There are other practical benefits for the clinical laboratory participation in an HIE. “Partnering with CORHIO is very forward thinking,” emphasized Ray. “It improves even simple things. For example, we save money because paper has been eliminated. We save time because we no longer need to scan documents and fax them to doctors. These savings are small on a per-test basis, but compound over thousands of tests and become significant over time.”
Stage 2 Meaningful Use
Another factor that should not be overlooked is that compatibility with HIEs is a key component of Stage 2 Meaningful Use. Therefore, Colorado providers participating in the federal EHR Incentive Programs will find it easier to meet this requirement and qualify for their incentives.

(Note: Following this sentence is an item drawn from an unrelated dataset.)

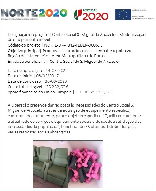 O Centro Social de S. Miguel é uma IPSS (Instituição Particular de Solidariedade Social) destinada a apoiar a fase mais madura da vida, a chamada 3ª Idade. Para tal, promove a ajuda possível nas suas quatro respostas sociais: Centro de Convívio, Centro de Dia; Apoio Domiciliário e Estrutura Residencial Para Pessoa Idosa. Esta Instituição desenvolve uma intensa atividade, por forma a corresponder às necessidades de alimentação, higiene, animação ocupacional, ginástica, turismo, etc, e uma vivência digna em salutar ambiente de alegria e paz.

CORHIO Supports Full Menu of Functions and Services
IN ITS THIRD YEAR OF OPERATION, the Colorado Regional Health Information Organization (CORHIO) now has the medical histories of 2.8 million people in its database. This is just over half of Colorado’s population.
The health information exchange (HIE) gives participating providers access to:
- lab and pathology test results;
- radiology reports;
- transcript notes, including discharge summaries, H&Ps, and operative and ED reports;
- admits, discharges and transfers.
CORHIO also provides automated referral and consult requests. It facilitates the sharing of patient medical histories and HIPAA-compliant data with other providers. This includes secure messaging, and community-and state-wide connectivity.
The HIE assists providers in meeting and qualifying for Medicare and Medicaid EHR incentives and reduces administrative and overhead costs.
Future plans at CORHIO call for providing electronic ordering of laboratory, pathology and radiology tests. The HIE intends to support public health alerts and notifications. It also wants to support continuity of care documents.